Using electronic configuration, please explain the charge 1+ and 3+ on Ti ions.
When determining electron configuration, you have to first understand that the configuration builds upon itself. It all starts with the first row being 1s (hydrogen). From there it builds upon itself in the order of the periodic table going across (by rows).
The first number determines which row it is in. We use letters to describe its location pretty much. Since the periodic table is organized according to traits, the letters represent the location and how the energy levels are organized. Finally there is an exponent which tells you how many electrons are exactly in that energy level. The levels go in this order:
Alkali & Alkaline: s
So the general order is s, p, f, d...
Hydrogen is 1s^1 (because it has one electron and has only one energy level)
Helium is 1s^2 (because it has two electrons and two energy levels)
Lithium would be 1s^2 2s^1... Another way to write this is (He) 2s1 since essentially Lithium is just a Helium atom with 1 extra electron (for configuration purposes).
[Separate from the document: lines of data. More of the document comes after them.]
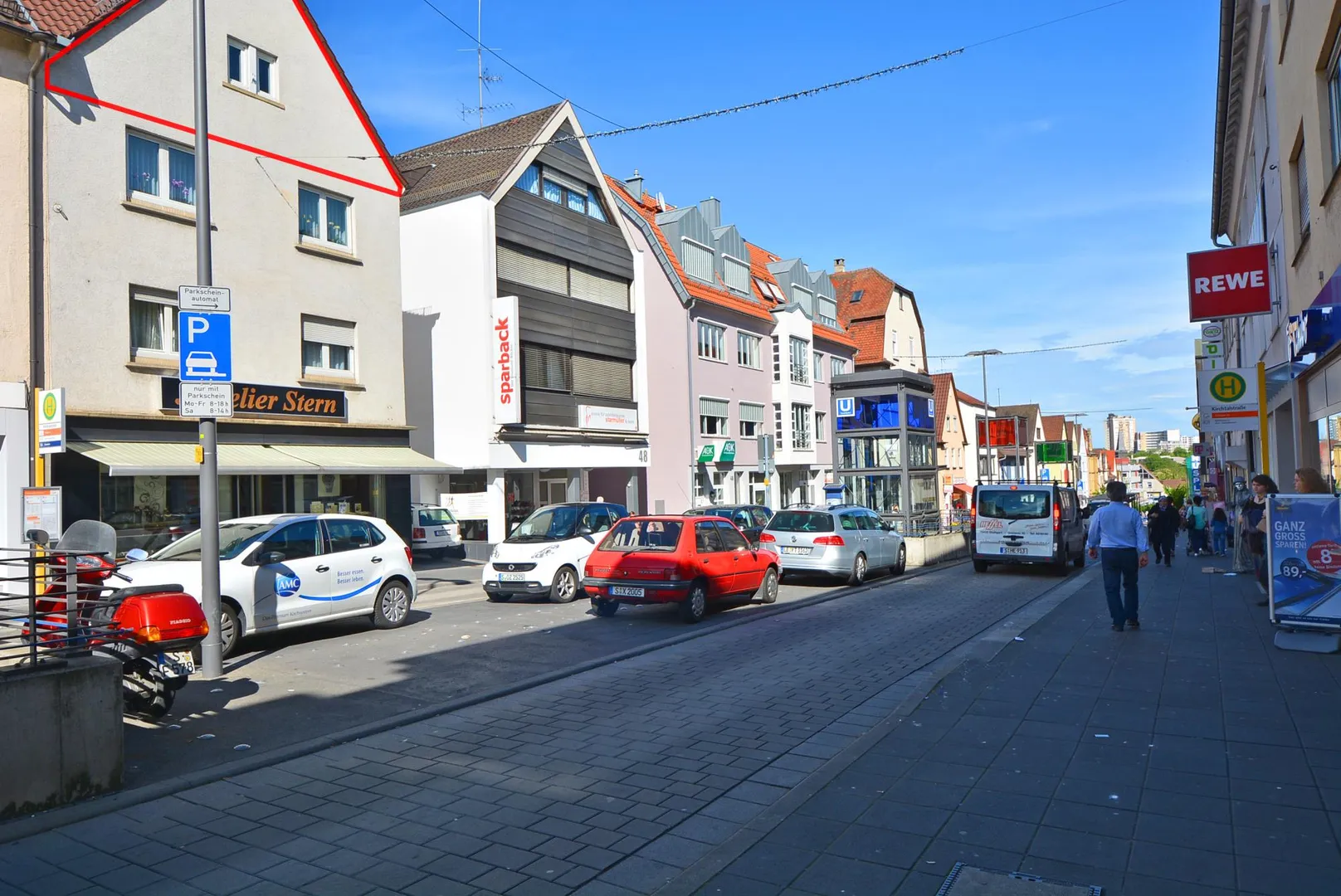 Diese bequeme und möblierte 2-Zimmer-Dachgeschoss-Etagen-Wohnung befindet sich im 3. Obergeschoss eines Wohn- und Geschäftshauses in der Haupteinkaufsstraße von Stuttgart-Zuffenhausen.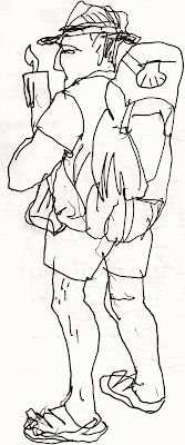 Subiendo Doctor Cortezo aparece un auténtico peregrino alto y fuerte que habla alemán, holandés o vaya usted a saber. Está quemado por el sol, lleva un pesado macuto y las zapatillas y los pies destrozados. Una chica trata de explicarle su equivocación, pero él no parece sentirse equivocado, sino bien. La chica saca una grabadora con un micrófono grande incorporado y le hace una entrevista mientras lo dibujo. ¡Cuánto me gustaría entender lo que dicen!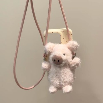 ins潦草小豬手機背夾粉色毛絨公仔斜挎殼通用可愛韓國東大門情侶閨蜜禮物防摔

When you make one with Ion is a little different however. If you are looking at Titanium you first need to know Ti's regular electron configuration which is: (Ar) 4s^2 3d^2
When you have a positive ion, you have lost electrons, so you will manipulate the exponent which represents the electron count. Now atoms and electrons are lazy, and like to bond, so they get rid of electrons from easier, less complicated energy levels and leave at least one or more on the outer shell.
So, the confituration for Ti +3 would lose three electrons: 1 from the 3d^2 level turning it into 3d^1 (so it has one in its outter shell; then it'll lose the other two (totaling to 3) from the 4s^2 level turning it into 4s^0.
The configuration for Ti+1 would just lose the one from 3d^2, turning it into 3d^1
Ions can not lose the last energy level the normal atom has. It is still technically that atom so it has to keep that classification as much as possible.